Rasa khawatir pada dasarnya merupakan upaya untuk mempersiapkan diri menghadapi kemungkinan hal yang tidak menyenangkan. Orang yang hidup dengan kecemasan umumnya menghabiskan banyak waktu untuk mengkhawatirkan, bahkan tentang hal-hal yang mereka anggap tidak mungkin terjadi. Studi kecil tahun 2011 juga menunjukkan hubungan antara kecerdasan dan kecemasan. Penulis studi menjelaskan orang dengan IQ tinggi mungkin cenderung sangat khawatir atau bahkan kurang khawatir sama sekali. Ini mungkin terlihat kontradiktif, tetapi ada penjelasannya.

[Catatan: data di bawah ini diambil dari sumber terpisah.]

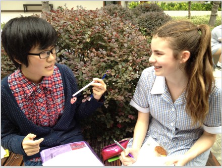 2012年9月24日,正值周一,上午的课程结束后,国际部的师生们便开始为迎接下午即将到来的访问团做准备。约下午两点,女孩子们的出现顿时成为校园里一道亮丽的风景线,她们身着校服,面带微笑,谨慎而又好奇地观察着美丽的校园。
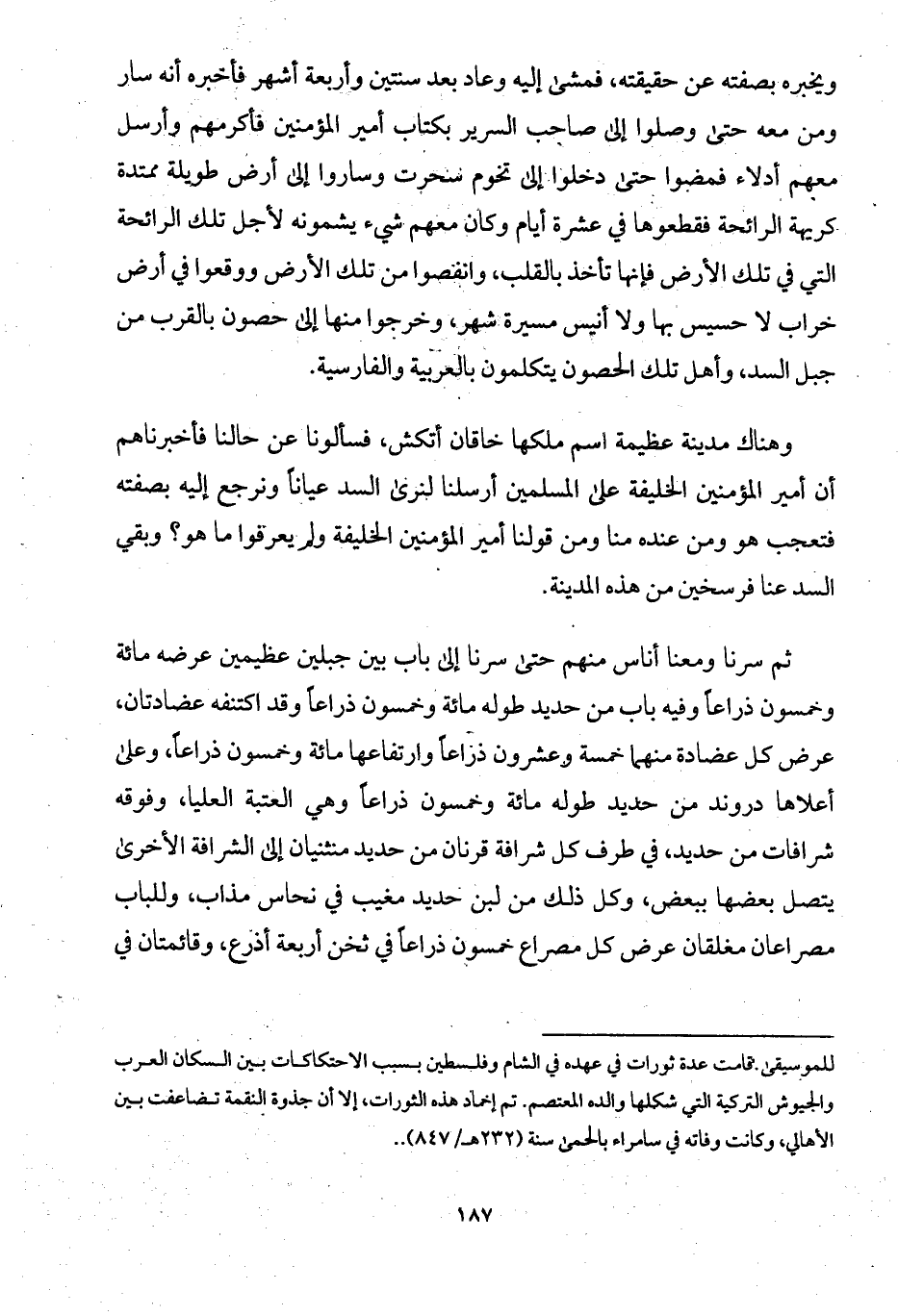 ويخبره بصفته عن حقيقته، فمشى إليه وعاد بعد سنتين وأربعة أشهر فأخبره أنه سار ومن معه حتى وصلوا إلى صاحب السرير بكتاب أمير المؤمنين فأكرمهم وأرسل معهم أدلاء فمضوا حتى دخلوا إلى تخوم سحرت وساروا إلى أرض طويلة ممتدة كريهة الرائحة فقطعوها في عشرة أيام وكان معهم شيء يشمونه لأجل تلك الرائحة التي في تلك الأرض فإنها تأخذ بالقلب، وانفصوا من تلك الأرض ووقعوا في أرض خراب لا حسيس بها ولا أنيس مسيرة شهر، وخرجوا منها إلى حصون بالقرب من جبل السد، وأهل تلك الحصون يتكلمون بالعربية والفارسية.
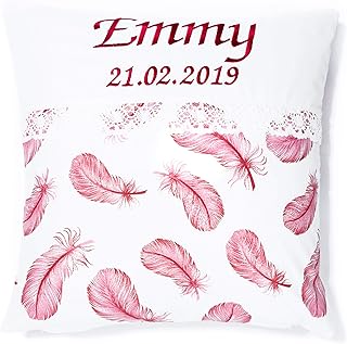 Amilian Kissen 40 x 40 cm mit Namen und Datum bestickt Geschenk zur Geburt Taufe zum Namenstag personalisiert fürs Baby Kinder inkl. Bezug 100% Baumwolle Muster: Daune Rosa
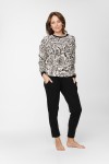 Dwuczęściowa piżama damska składa się z wiskozowej bluzki z długim rękawem i prostych spodni uszytych z oddychającego micromodalu.
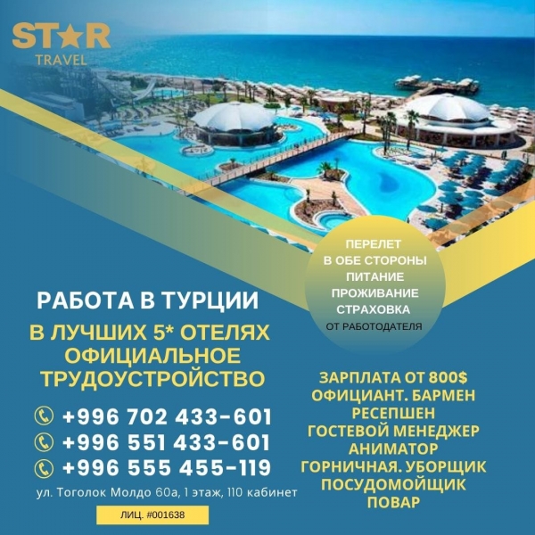 Работа в лучших 5* отелях Турции. Мы предоставляем официальное трудоустройство. Номер лицензии: 001638
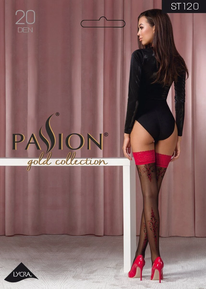 Продемонстрируйте высший пилотаж женственности, нежности и легкости, купите чулки Passion ST120 5 черно-красный, на ажурной силиконовой резинке, с изысканным декором и люрексовой нитью.
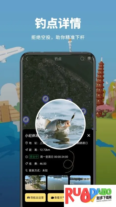 4、可跟随定位了解自身海拔精准度,点击不同地点查询钓点、了解渔获,知晓景点信息。
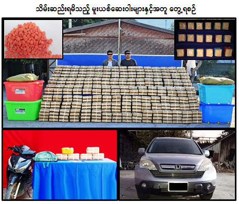 မူးယစ်ဆေးဝါးတားဆီးနှိမ်နင်းရေးရဲတပ်ဖွဲ့မှ တပ်ဖွဲ့ဝင်များပါဝင်သော ပူးပေါင်းအဖွဲ့သည် နိုဝင်ဘာလ ၂၂ ရက်နေ့ နံနက် ၆ နာရီခွဲအချိန် မန္တလေးတိုင်းဒေသကြီး၊ ပုသိမ်ကြီးမြို့နယ်၊ ၁၀၁ လမ်းနှင့် မြို့ပတ်လမ်းထောင့်တွင် ကျော်သူလွင်(ခ)မွန်ချေး မောင်းနှင်လာသည့် မော်တော်ဆိုင်ကယ်ကို သတင်းအရရှာဖွေရာ စိတ်ကြွရူးသွပ်ဆေးပြား ၆၀,၀၀၀ ပြား စတင်ဖမ်းဆီးရမိခဲ့ပြီး ၎င်းငှားရမ်းနေထိုင်သည့် ပုသိမ်ကြီးမြို့နယ်၊ အောင်မင်္ဂလာ(၁)ရပ်ကွက်ရှိ နေအိမ်၌ သိုဝှက်ထားသည့် စိတ်ကြွရူးသွပ်ဆေးပြား ၆၀ ဒသမ ၄ သိန်းအားလည်းကောင်း၊ မန္တလေးမြို့ ၊ ၃၅ လမ်းနှင့် ၅၄ လမ်းထောင့်ရှိ ဟိုတယ်အခန်းတွင် ရောင်းချရန်အသင့်ထားရှိသည့် ဘိန်းဖြူ ၄၄၀ ဂရမ်အားလည်းကောင်း အသီးသီးဆက်လက်သိမ်းဆည်းရမိခဲ့သဖြင့် စုစုပေါင်းဒေသကာလတန်ဖိုးငွေကျပ် ၉ ဒသမ ၁ ဘီလီယံကျော်တန်ဖိုးရှိ စိတ်ကြွရူးသွပ် ဆေးပြား ၆၁ သိန်း၊ ဘိန်းဖြူ ၄၄၀ ဂရမ် သိမ်းဆည်းရမိခဲ့ကြောင်း၊ ကွင်းဆက်ဖော်ထုတ်ချက်အရ ယင်းနေ့မွန်းလွဲ ၁ နာရီအချိန် မူးယစ်ဆေးဝါးများ သယ်ဆောင်ရောင်းဝယ်ရာတွင် ပူးပေါင်းပါဝင်သူ အောင်ခိုင်မင်း(ခ)ဖိုးလုံးအား CRV မော်တော်ယာဉ် ၁ စီးနှင့်အတူ မန္တလေးမြို့ ၊ ၅၁ လမ်း၊ ၁၂၃ x ၁၂၄ လမ်းကြား၌ ဖမ်းဆီးရမိခဲ့သဖြင့် ၎င်းတို့အား ဥပဒေအရ အရေးယူထားရှိပြီး ကွင်းဆက်ပြစ်မှုကျူးလွန်သူများအား စစ်ဆေးဖော်ထုတ်လျက်ရှိကြောင်း သတင်းရရှိသည်။
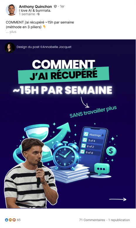 J’ai bossé avec Annabelle pendant 3 mois sur la création et la publication de mes posts LinkedIn, et franchement, c'était juste top.
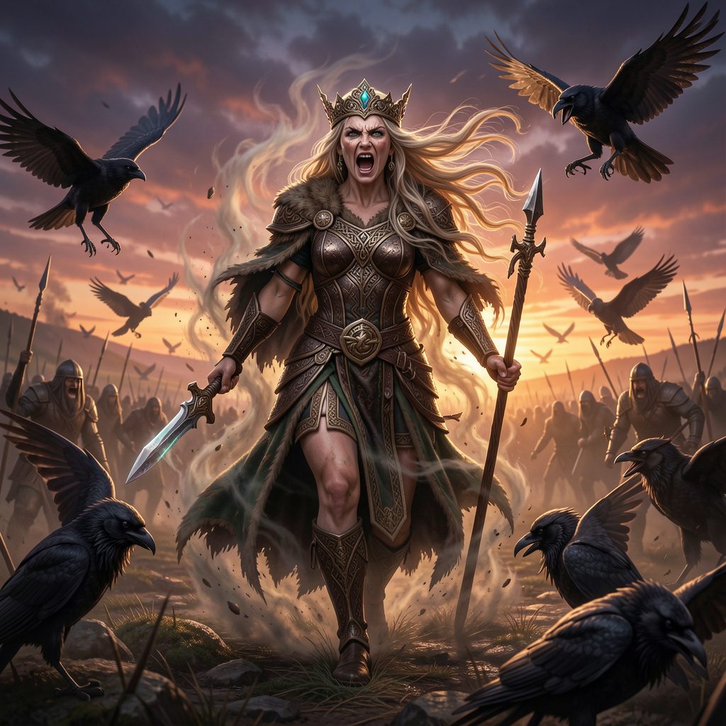Nemain is a war-associated goddess who personifies panic, frenzy, and psychological collapse on the battlefield. Rather than engaging in combat herself, she represents the moment when fear overwhelms discipline, causing warriors to lose control and order to dissolve into chaos.
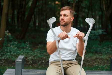 Sitting, feeling bored and sad. Man with crutches is in the park outdoors. Having leg injury.
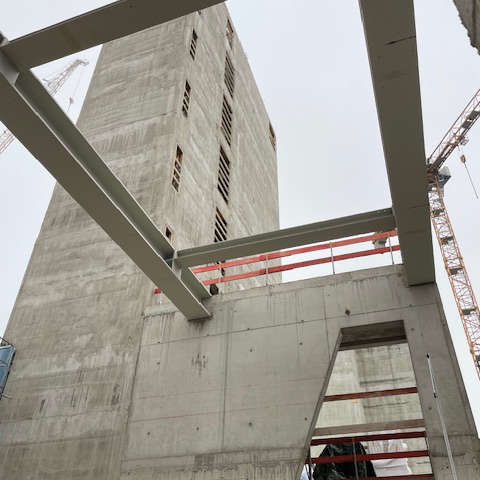 In unmittelbarer Nähe zum Münchner Ostbahnhof realisieren wir derzeit ein anspruchsvolles Bauvorhaben, das unsere Kompetenz in Sachen Schnelligkeit und Präzision unterstreicht. Innerhalb von nur drei Monaten (Januar bis März 2026) haben unsere Teams bereits das 5. Obergeschoss erreicht – ein Beleg für den enormen Montagefortschritt und die logistische Schlagkraft unseres Unternehmens.
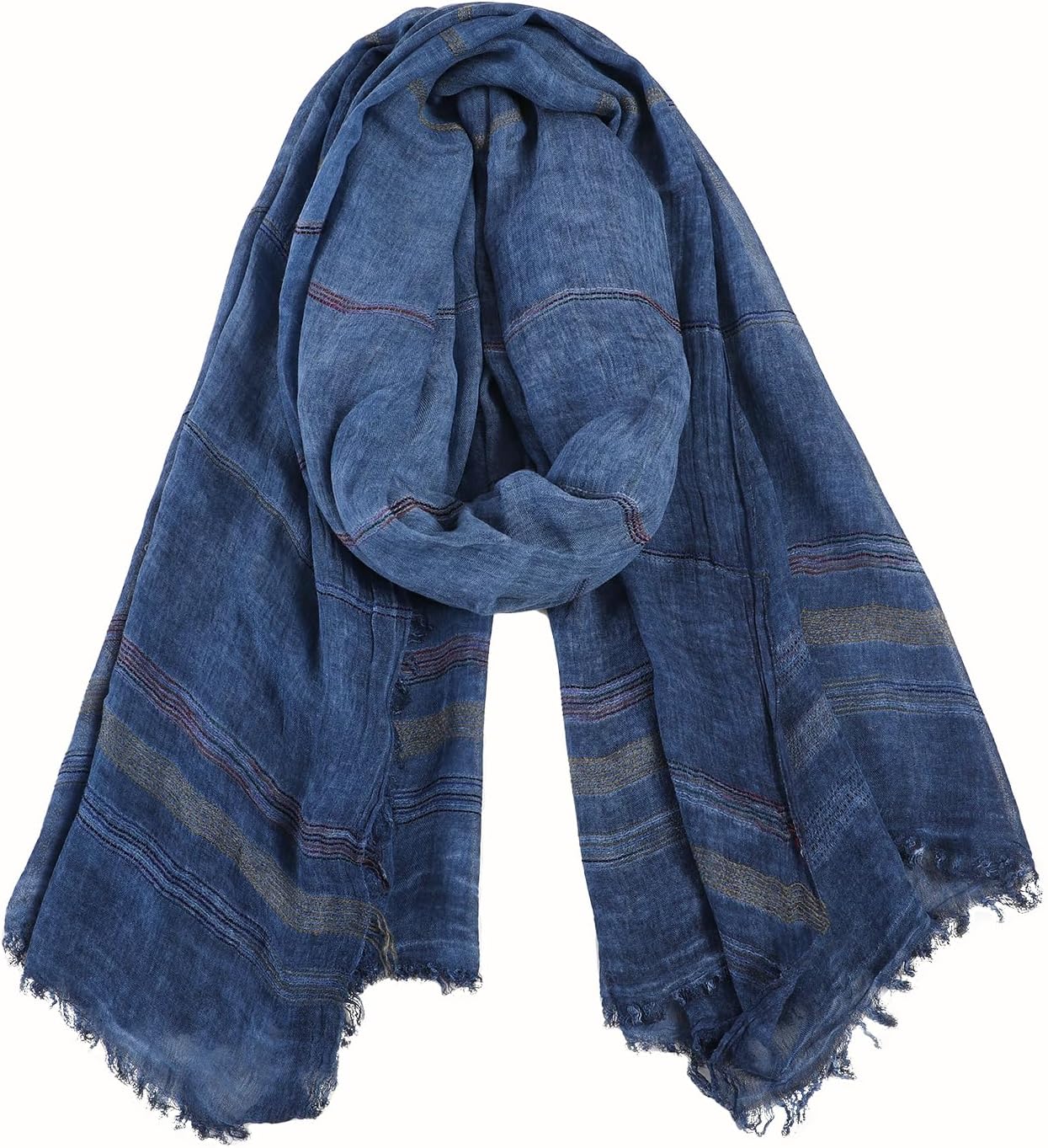 Unisex Striped Men Scarf Lightweight Cotton and linen Large Scarves Winter Warm Scarfs for Women
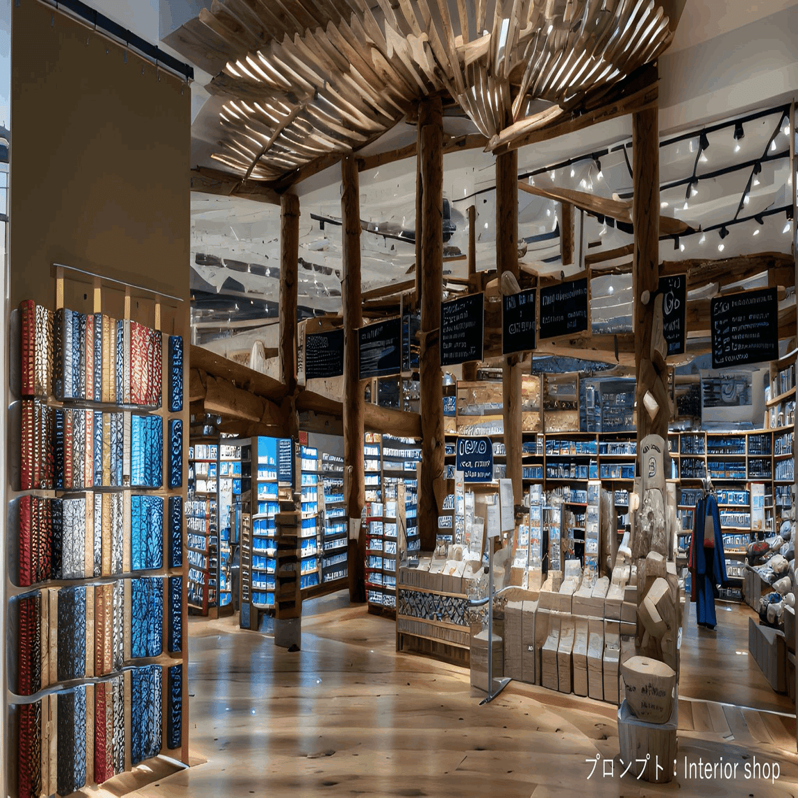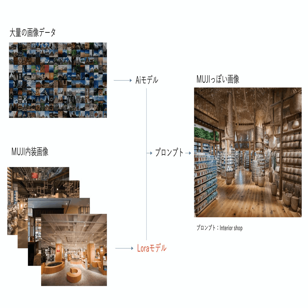例えば、無印良品店の内装の画像を集め無印良品店のような内装を生成するLoRAを作成することもできます。
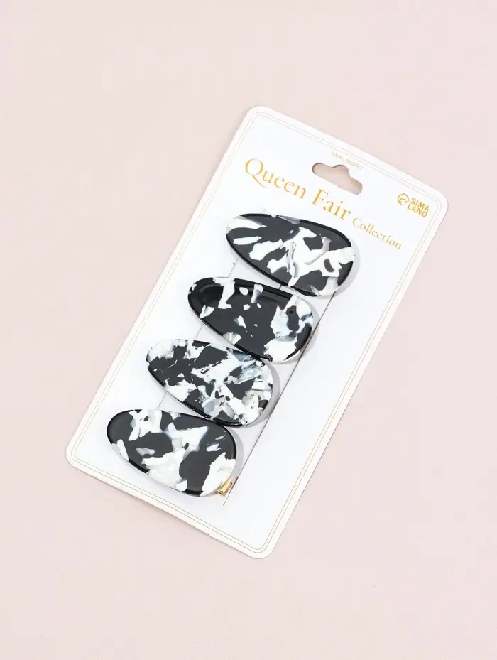 Зажим для волос "Маргарита" (набор 4 шт) 4 см, чёрно-белый
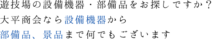 遊技場の設備機器・備品をお探しですか? 大平商会なら設備機器から 備品、景品まで何でもございます
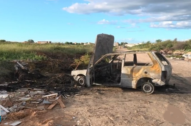 Um carro pegou fogo na tarde deste sábado (4), em um terreno baldio entre os bairros José e Maria e Padre Cícero, em Petrolina, Sertão de Pernambuco.
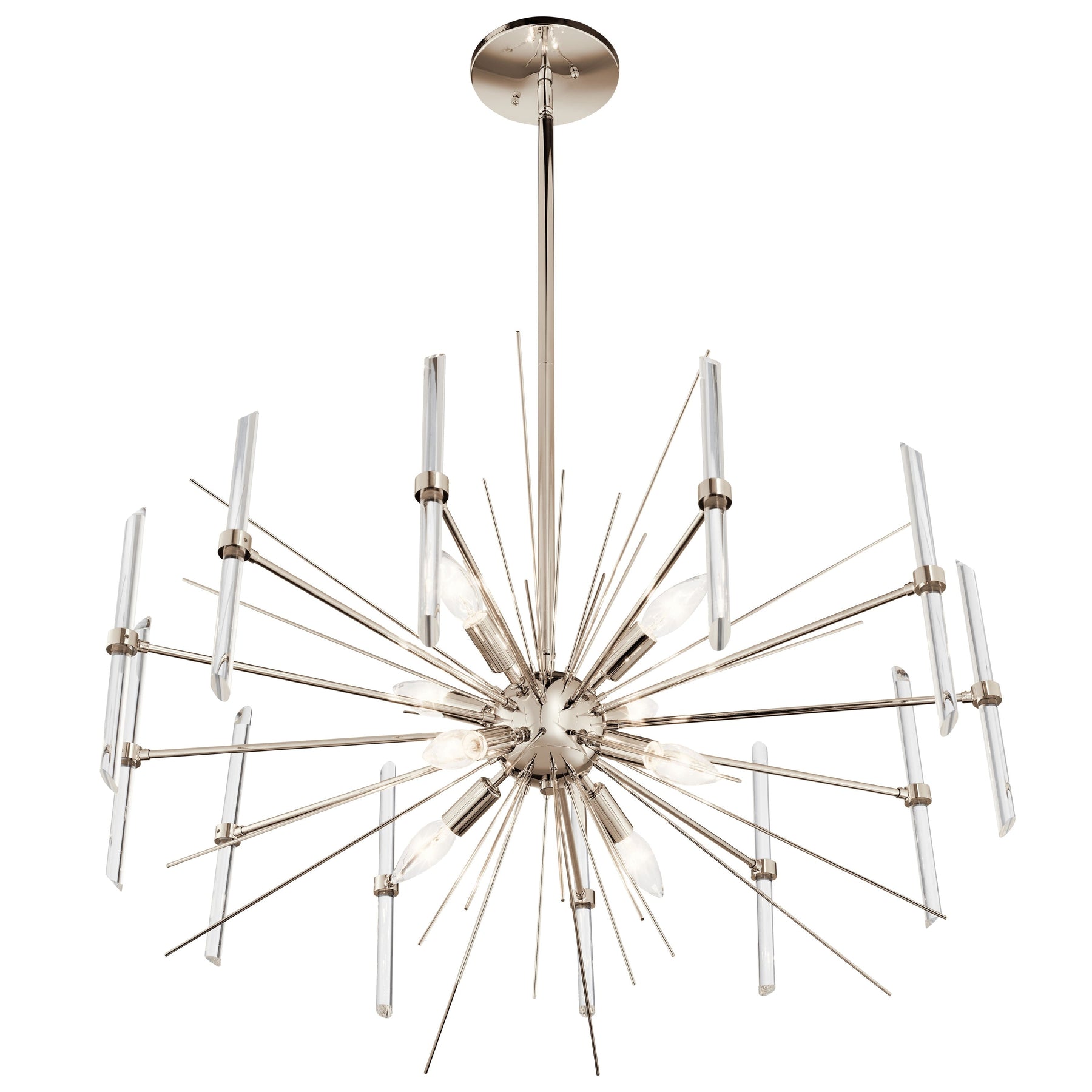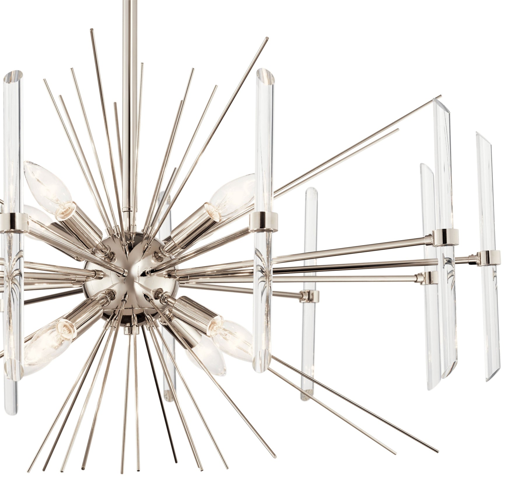 Elevate your space with the Kichler Eris 8-Light Chandelier, where mid-century modern charm meets contemporary elegance. Crafted in polished nickel with striking crystal accents, it's a statement piece ideal for dining rooms, foyers, or living spaces.
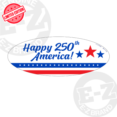 Limited Edition! Celebrate America's 250th with the America 250 oval decals! (20 per pack) Size: 4 1/4" high x 11 1/4" long. Neatly shrink wrapped with a chipboard backer to prevent curling during storage. Made of durable, waterproof vinyl. Each sign is slit on the back for easy application. Removable adhesive allows easy, clean removal.
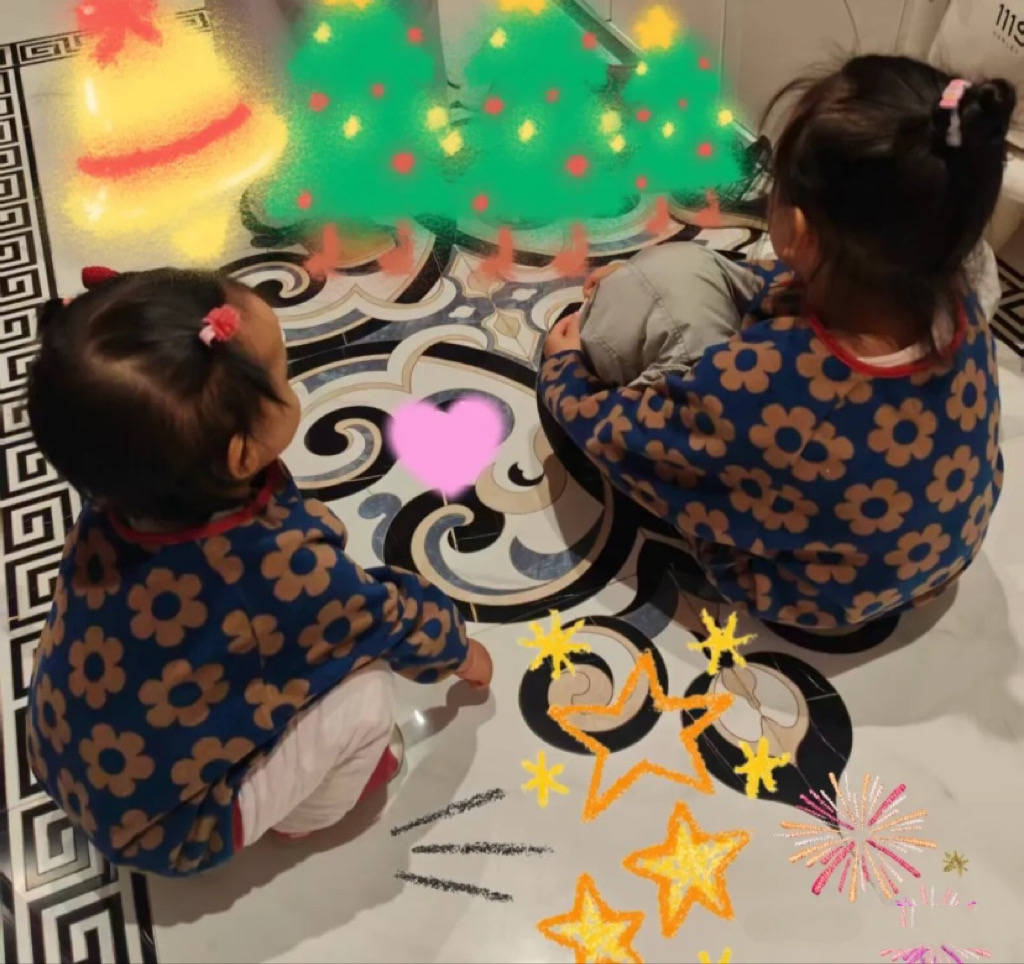 她在孕期还坚持拍戏,非常的敬业。两个女儿都很可爱、脚大腿长身型像爸爸,模样更加像妈妈,长大后一定是高颜值。

Orang sangat cerdas mungkin tidak terlalu khawatir tentang hal-hal yang mereka tahu tidak mungkin terjadi, karena mereka merasa percaya diri dalam kemampuan mereka untuk mengatasi tantangan. Di sisi lain, orang yang sangat cerdas mungkin menghabiskan lebih banyak waktu untuk merenung karena mereka memiliki pengetahuan yang luas tentang potensi ancaman dan ingin mempersiapkan diri untuk setiap kemungkinan.

Berantakan

Pada tahun 2012, peneliti dari Belanda menemukan bahwa orang bisa mengalami perkembangan intelektual lebih baik di lingkungan yang berantakan. Kondisi yang tidak teratur membuat otak terpaksa lebih fokus.

Kesederhanaan

Efek Dunning-Kruger dimulai dengan penemuan bahwa siswa yang paling kompeten meremehkan kompetensi mereka karena mereka menganggap tugas-tugasnya mudah. Sementara, siswa yang kurang kompeten sangat melebih-lebihkan kompetensi mereka.

Banyak membaca

Banyak orang pintar yang suka tersesat dalam sebuah buku yang bagus. Ditambah lagi, membaca itu sendiri telah terbukti dapat meningkatkan kecerdasan.

Pandai menjaga perdamaian

Keterampilan interpersonal yang kuat juga menunjukkan kecerdasan, seperti terampil dalam resolusi konflik.

Mampu menangani tantangan

Kemampuan beradaptasi adalah komponen kunci dari kecerdasan. Ini berarti kamu mampu menyesuaikan diri dengan situasi baru atau peristiwa yang berubah, yang juga menandakan ketangguhan.